ISSUE: Whether the exemption is valid.

RULING:

YES.

The controlling legal provision as noted is a proviso in Section 122 of the National Internal Revenue
Code. It reads thus: "That no tax shall be collected under this Title in respect of intangible personal
property (a) if the decedent at the time of his death was a resident of a foreign country which at the time
of his death did not impose a transfer tax or death tax of any character in respect of intangible person
property of the Philippines not residing in that foreign country, or (b) if the laws of the foreign country
of which the decedent was a resident at the time of his death allow a similar exemption from transfer
taxes or death taxes of every character in respect of intangible personal property owned by citizens of
the Philippines not residing in that foreign country."

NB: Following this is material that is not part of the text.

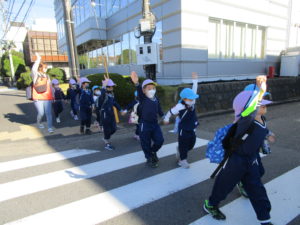 行きの道中、近隣の方にあいさつをしながら、楽しく歩いていました。

It does not admit of doubt that if a foreign country is to be identified with a state, it is required in line
with Pound's formulation that it be a politically organized sovereign community independent of outside
control bound by penalties of nationhood, legally supreme within its territory, acting through a
government functioning under a regime of law. A foreign country is thus a sovereign person with the
people composing it viewed as an organized corporate society under a government with the legal
competence to exact obedience to its commands.

Even on the assumption then that Tangier is bereft of international personality, the CIR has not
successfully made out a case. The Court did commit itself to the doctrine that even a tiny principality,
like Liechtenstein, hardly an international personality in the sense, did fall under this exempt category.